Теперь они зажили почти роскошно. Старый, дребезжащий «Саратов» был набит всякой разной всячиной: копченой колбасой, бужениной, свежими огурцами, шоколадными бутылочками с ликером. Больше всех этому изобилию и дефициту радовалась баба Настя. Часами она перебирала все эти богатства, не виданные ею доселе, гладила разноцветные баночки и коробочки, резала на просвет колбасу и сыр и долго смаковала это все, громко причмокивая, покрякивая от удовольствия и зажмуривая глаза. Никогда прежде не жила она так вольготно и сытно. А к Наташке, несадовскому ребенку, продолжали липнуть вечные простуды и инфекции. За пару лет она успела переболеть всем и подряд – от легкомысленной ветрянки до угрожающей скарлатины, не пропустив ни свинку, ни корь, ни краснуху. Девочкой она была высокой, худой и, увы, очень сутулой. Вся в этого нелепого Славика, огорчалась Марина. А вот от матери ей достались густые и жесткие темные волосы и голубые прозрачные глаза, только у Наташки они были растерянные и близорукие. Очки ей надели в четыре года. Маринина мать наезжала с инспекцией и вечно критиковала и дочь, и старую тетку, Марину она называла «типичной торгашкой». О том, что уезжала она от дочери с туго набитой кошелкой, старалась не думать. А тетке пеняла, что та готовит жирно, посуду моет грязно. И что она может дать ребенку? Внучкой она тоже была недовольна.

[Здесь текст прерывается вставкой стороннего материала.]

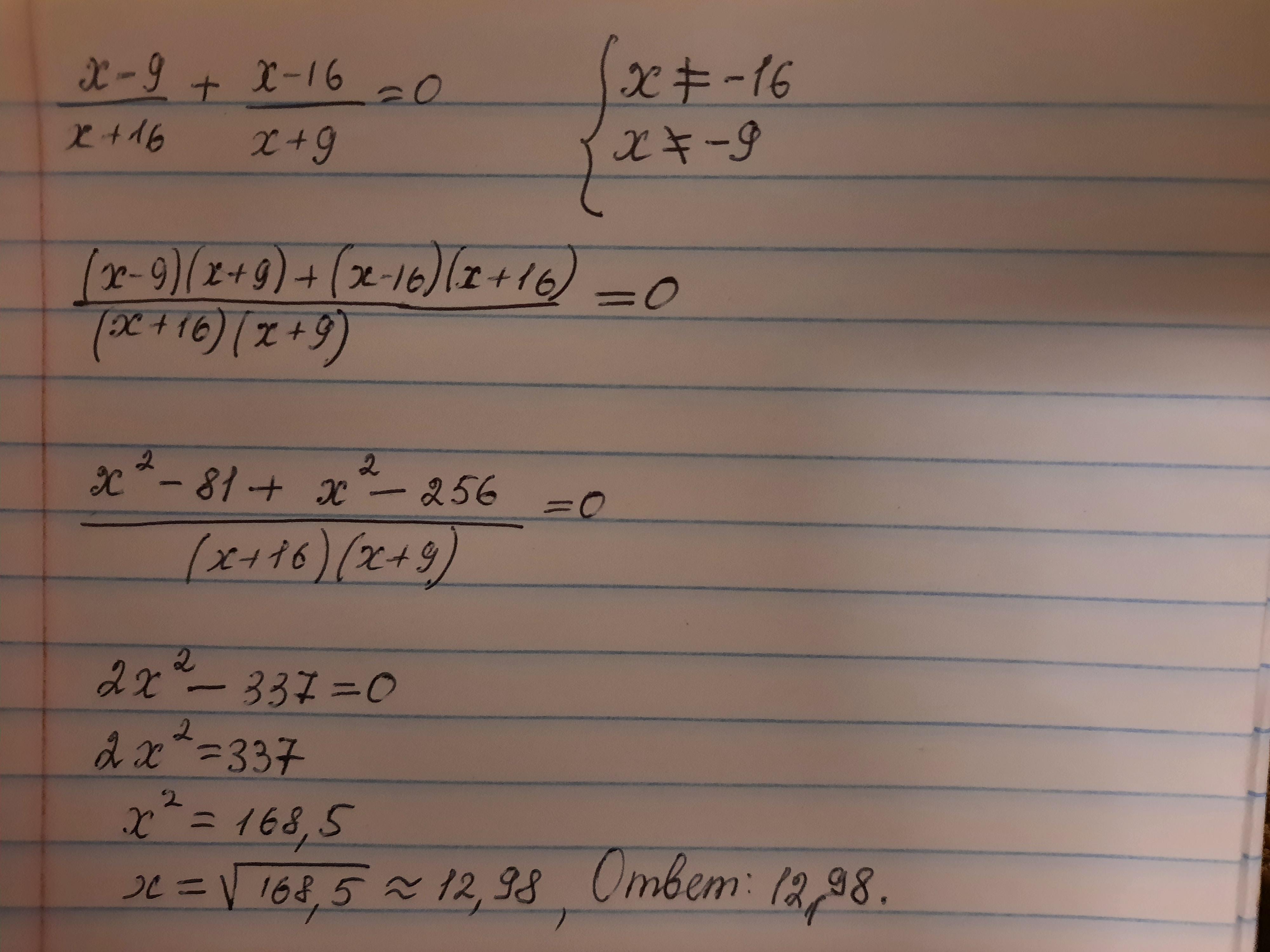 Приравниваем к нулю числитель, так как уравнение равно нулю тогда, когда числитель равен нулю, а знаменатель не равняется нулю.
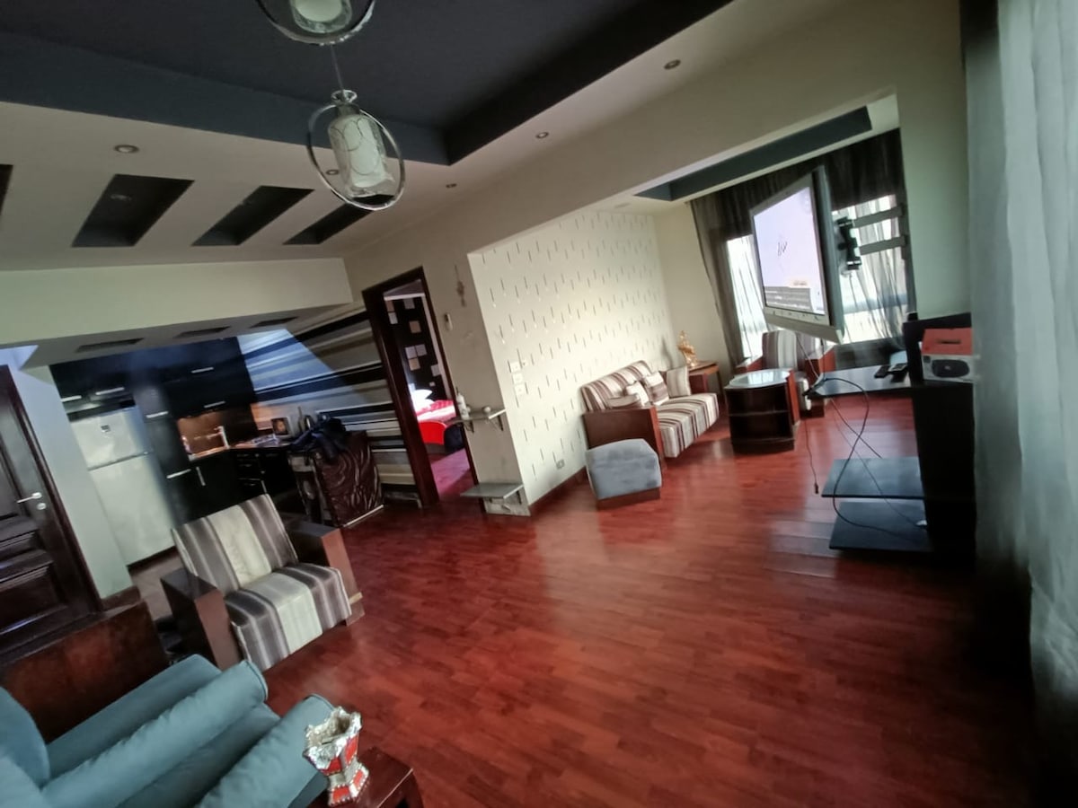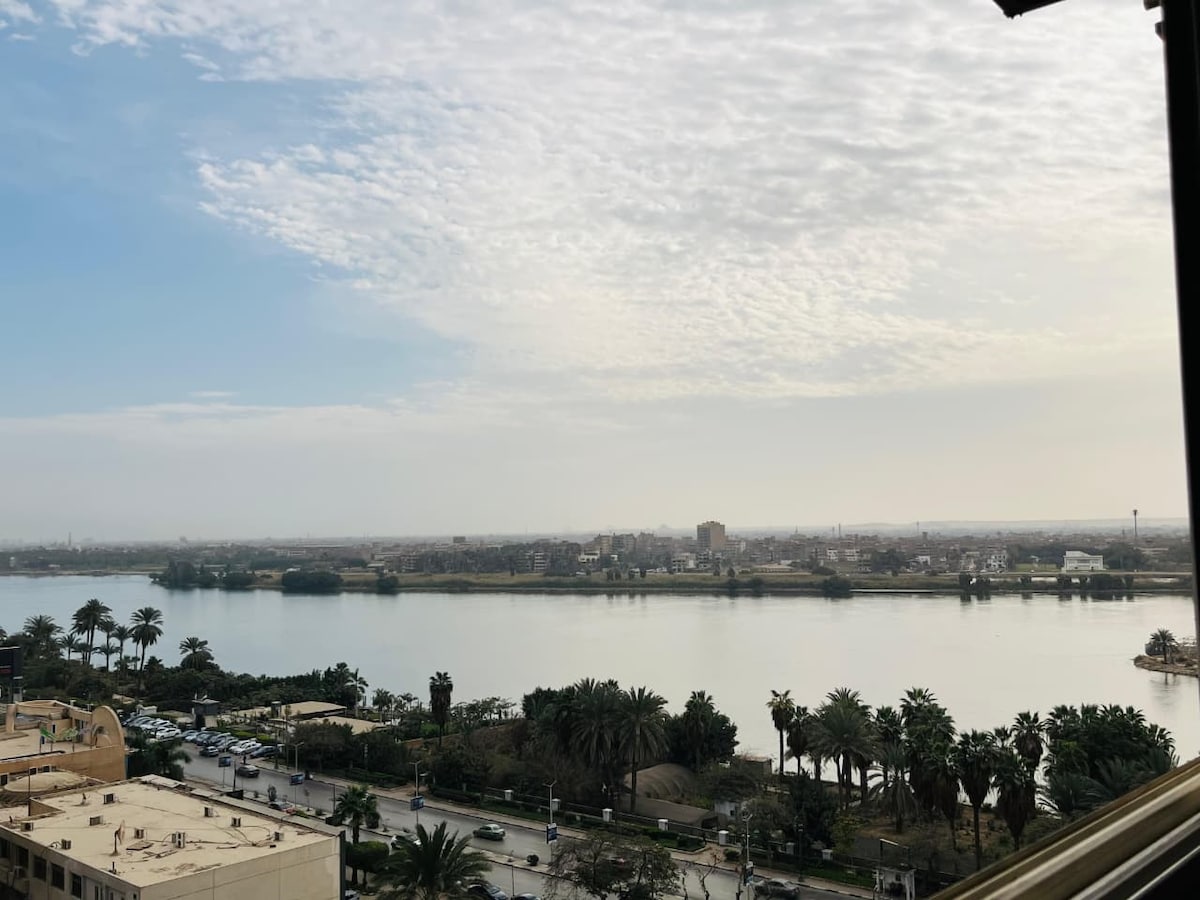 Modern Appartment front nile river 2-bedroom apartment next to the Holiday Inn. Enjoy a direct Nile view from a private balcony. Fully air‑conditioned, with oil heaters, two bathrooms, and a fully equipped kitchen. The living room features a 65-inch Smart TV with Netflix, Amazon Prime, live sports, and international channels. Fresh towels and bed linens provided for a comfortable stay.

– Девочку надо развивать, – строго напоминала она перепуганной бабе Насте и уставшей и замученной Марине. На выбор она предлагала многочисленные кружки – лепка, рисование, музыка, танцы. С танцами у нескладной и неловкой Наташки не сложилось, а вот с рисованием они попали в яблочко. Наташка оказалась самой способной из всех. Теперь баба Настя, кряхтя и охая, три раза в неделю таскала девочку в кружок. Наташка была счастлива – рисовать она могла часами. В шесть лет сама ставила натюрморт – вазочка, яблоко, лимон. Придумывала пейзажи – поле, узкая тропка по краю леса. Усаживала бабу Настю и пыталась писать портрет. Но с портретом было хуже – она была еще слишком мала.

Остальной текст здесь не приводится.